Why is this code not working? How can I implement this?
Thanks.
class C
{ private:
struct stat st;
....

public:
typeof(st.st_gid) gid() const {return st.st_gid;}
....
}
Jun 30 '07 #1
9 17509
On 30 Jun, 20:20, Paulo da Silva <psdasil...@esotericaX.ptXwrote:
Hi.

Why is this code not working? How can I implement this?
Thanks.

class C
{ private:
struct stat st;
...

public:
typeof(st.st_gid) gid() const {return st.st_gid;}
...

}- Hide quoted text -
for gcc use (IIRC) __typeof__ or something like that. There are also
cool hacks for VC7.1 and VC8, that trick the compiler into doing the
same ( probably other compilers too), but officially typeof is missing
from C++. It will be available in the next major c++ version, in form
of decltype and auto AFAIK.

regards
Andy Little
Jun 30 '07 #2
On Jun 30, 12:20 pm, Paulo da Silva <psdasil...@esotericaX.ptXwrote:
Hi.

Why is this code not working? How can I implement this?
Thanks.

class C
{ private:
struct stat st;
...

public:
typeof(st.st_gid) gid() const {return st.st_gid;}
...

}
What purpose could typeof serve that polymorphism doesn't?

Jun 30 '07 #3
Emery escreveu:
On Jun 30, 12:20 pm, Paulo da Silva <psdasil...@esotericaX.ptXwrote:
>Hi.

Why is this code not working? How can I implement this?
Thanks.

class C
{ private:
struct stat st;
...

public:
typeof(st.st_gid) gid() const {return st.st_gid;}
...

}

What purpose could typeof serve that polymorphism doesn't?
The example is clear.
I need to use the stat structure without knowing its members types, i.e.
I am not sure if they are standard or system dependent. typeof fits
exactly my purposes. Somehow it works *only* for static declarations
(for g++ at least). So, I could turn around the problem by declaring a
"dummy" no space taker member:
static struct stat sttype[0];

Then I can write:

typeof(sttype[0].st_gid) gid() const {return st.st_gid;}

Any better solution?
Thanks.
Jul 1 '07 #4
Paulo da Silva wrote:
Emery escreveu:
>On Jun 30, 12:20 pm, Paulo da Silva <psdasil...@esotericaX.ptXwrote:
>>Hi.

Why is this code not working? How can I implement this?
Thanks.

class C
{ private:
struct stat st;
...

public:
typeof(st.st_gid) gid() const {return st.st_gid;}
...

}

What purpose could typeof serve that polymorphism doesn't?
What do you mean?
The example is clear.
I need to use the stat structure without knowing its members types, i.e.
I am not sure if they are standard or system dependent.
They are and are not standard.

They are not standard in that the C++ and C standards does not describe or
reference any struct stat.

They are standard in that POSIX describes them, and POSIX is a standard.
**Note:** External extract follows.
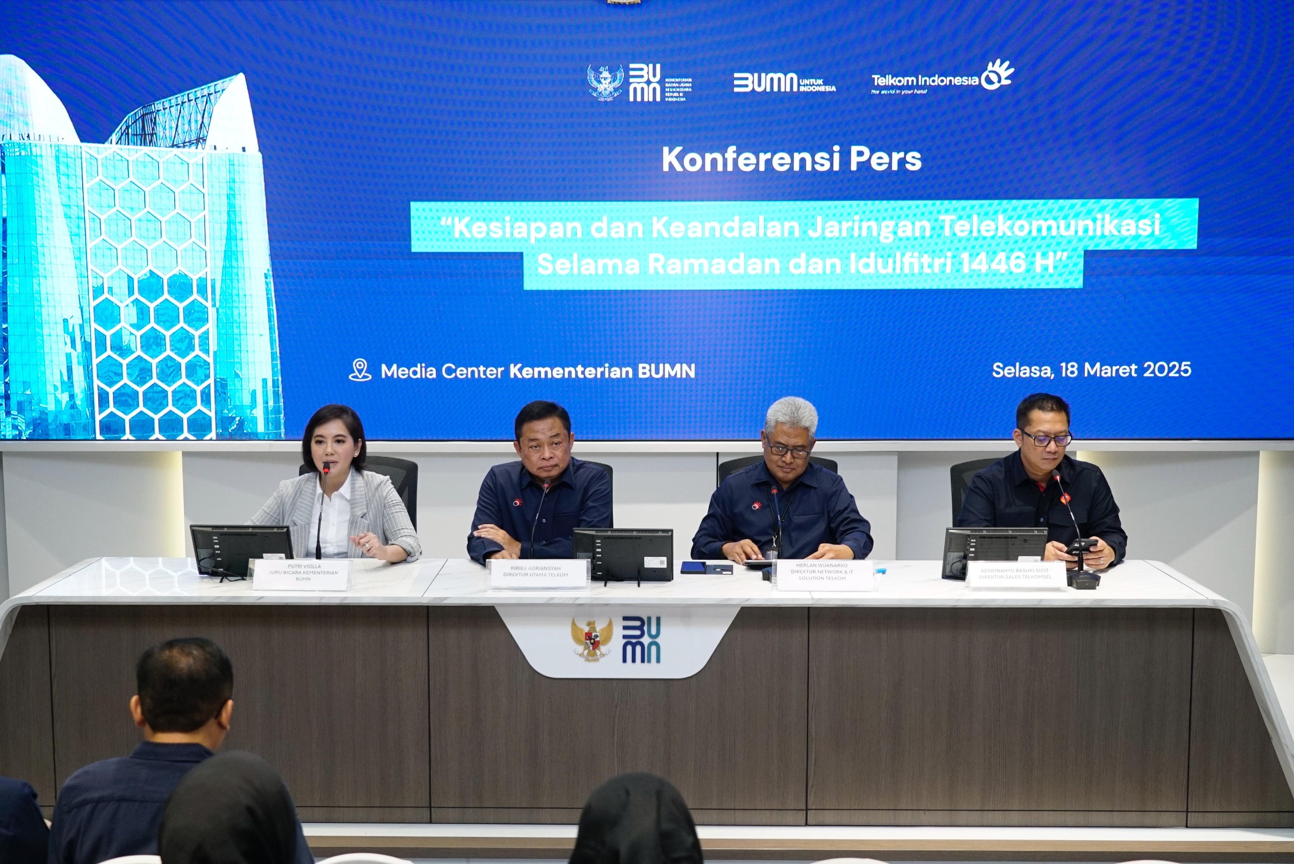 Jubir Kementerian BUMN RI Putri Violla (paling kiri), Direktur Utama Telkom Ririek Adriansyah (dua kiri), Direktur Network and IT Solution Telkom Herlan Wijanarko (dua kanan), dan Direktur Sales Telkomsel Adiwinahyu Basuki Sigit (paling kanan) saat konferensi pers Kesiapan TelkomGroup dalam rangka Ramadan dan Idulfitri (RAFI) 2025 di Kementerian BUMN RI, pada Selasa (18/3/2025). (dok telkom)

The
type of st_gid is defined in <sys/types.h>, which is not a standard C++
header, to gid_t, and is guaranteed to be an arithmetic type.
typeof fits exactly my purposes.
The problem is that it is non-standard, so, like stat, it is off-topic in
this group.
Somehow it works *only* for static
declarations (for g++ at least). So, I could turn around the problem by
declaring a "dummy" no space taker member:
static struct stat sttype[0];

Then I can write:

typeof(sttype[0].st_gid) gid() const {return st.st_gid;}

Any better solution?
a) Read the manual
b) Ask in a group for your operating system
c) Ask in a group for your compiler
d) Wait for the next C++ standard

--
rbh
Jul 1 '07 #5
Robert Bauck Hamar escreveu:
Paulo da Silva wrote:
....
>Any better solution?

a) Read the manual
b) Ask in a group for your operating system
c) Ask in a group for your compiler
d) Wait for the next C++ standard
I am sorry. I didn't know I needed a C++ lawyer degree to post here :-)

Best regards.
Jul 1 '07 #6
Paulo da Silva wrote:
Any better solution?
C++ usually solves this kind of problem with templates. But if you are
trying to retain compatibility with a C library then you are out of
luck. For example:

template<class T>
struct stat
{
T gid;
};

template<class T>
class C
{
private:
stat<Tst;

public:
T gid() const
{
return st.gid;
}
};

Jul 1 '07 #7
Robert Bauck Hamar wrote:
Paulo da Silva wrote:
[snip]
>The example is clear.
I need to use the stat structure without knowing its members types, i.e.
I am not sure if they are standard or system dependent.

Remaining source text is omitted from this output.